In this particular pericope, Jesus creates a conflict by assuring the paralytic, "... Your sins are forgiven." The scribes quickly demand to know, "Why does this man speak this way? He is blaspheming. Who but God alone can forgive sins?"
Jesus then follows the three-fold pattern of all gospel conflict stories and resolves the issue by telling the young man, "Rise, pick up your mat and go home." The now cured person immediately does so.
Scholars tell us that Mark seems to have chosen these particular five conflicts because these are the issues his readers should expect to encounter if they're really committed to carrying on the ministry of Jesus.
As we hear in our II Corinthians passage, Paul believes such a commitment is at the heart of his own ministry. If Jesus' response to God's call was always, "Yes!" so Paul's response to the needs of his community is always, "Yes!" There's no difference between his ministry and that of the risen Jesus. "The one who gives us security with you in Christ and who anointed us is God; he has also put his seal upon us and given the Spirit in our hearts as a first installment." The Apostle isn't referring to priests and bishops here; he's talking about all Christians.
That's why our Christian sacred authors presume forgiveness must also be at the heart of our ministry. It was (and is) at the heart of Jesus' ministry. And it creates similar conflicts for us. Many people simply feel more comfortable not forgiving than they do forgiving. We'd prefer restricting those who have hurt us to the past pains they caused, never erasing the memory of their actions.

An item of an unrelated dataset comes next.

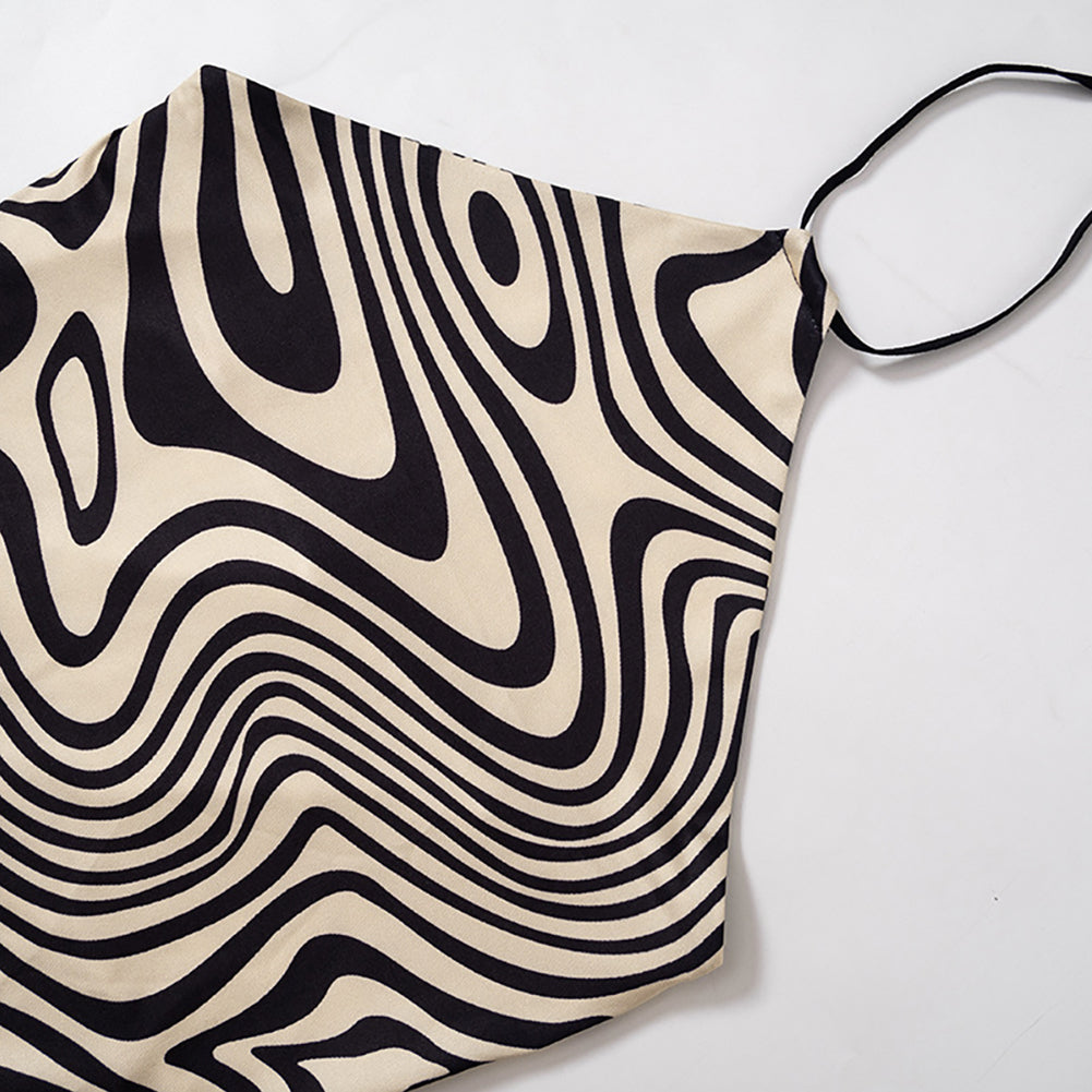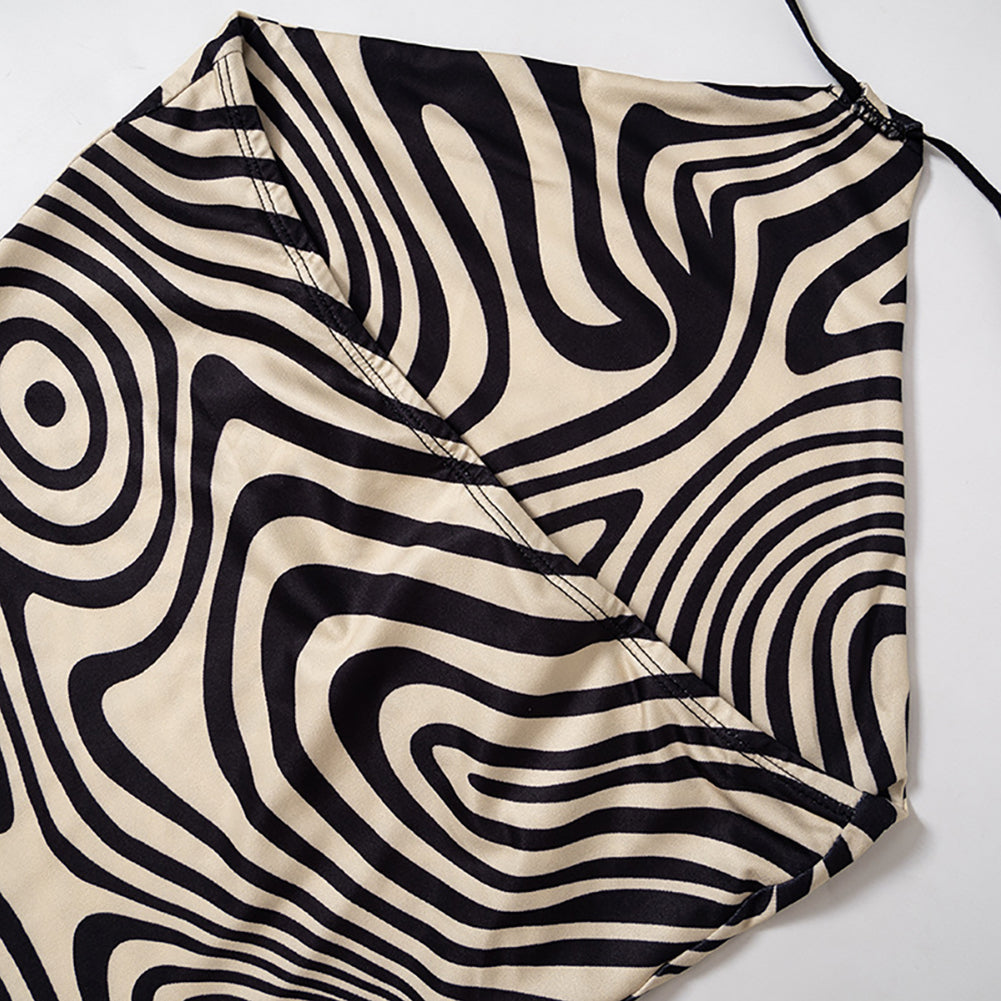 YESFASHION Women Mini Bodycon Dress Contrast Color Print Halter Neck Strapless Sleeveless Backless Slim Fit Sexy Dress
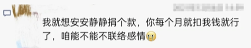 “每月10日扣款短信準(zhǔn)點送達(dá),一周接到3個以上提額電話,還有‘多捐就能多救孩子’的道德勸說。好心幫扶,現(xiàn)在卻成為負(fù)擔(dān)。”微信留言中,一位網(wǎng)友的吐槽引發(fā)廣泛共鳴。

This is where Deutero-Isaiah comes in. In one of his best-known oracles, the prophet gives us an image of a God who is always working in the present. "Thus says Yahweh: 'Remember not the events of the past, the things of long ago consider not; see, I am doing something new! Now it springs forth, do you not perceive it?"'
At some point in his prophetic ministry, Deutero-Isaiah realized that the exiled Jews to whom he was speaking really weren't listening to him. When he mentioned Yahweh his people thought of a God who saved Israel 700 years before in the Exodus, not the God who was saving them right then and there during their Babylonian exile. Had they been captives in Egypt and a person named Moses came in from the desert one day speaking about liberation, they certainly would have presumed Yahweh was working in their lives. But it wasn't 1,200 BCE; it was 735 BCE. And they weren't slaves in Egypt; they were prisoners of war in Babylon. In their mind, Yahweh had already "done his thing." The captives only thought about past glories, not present. Had Deutero-Isaiah known about the key line in Rick Nelson's Garden Party, I'm certain he would have included it in this oracle. "If memories are all I sang, I'd rather drive a truck."
In many ways, Yahweh's getting rid of the past is a two way street. If we forget about God's past, God will forget about ours. "It is I who wipe out, for my sake, your offenses; your sins I remember no more."
The historical Jesus obviously had a forgiving image of Yahweh in the back of his mind as he went village to village, synagogue to synagogue proclaiming God's kingdom. He wanted his followers to live their lives in the present, not the past. That meant they had to constantly forgive; and to endure the constant conflict such forgiveness creates.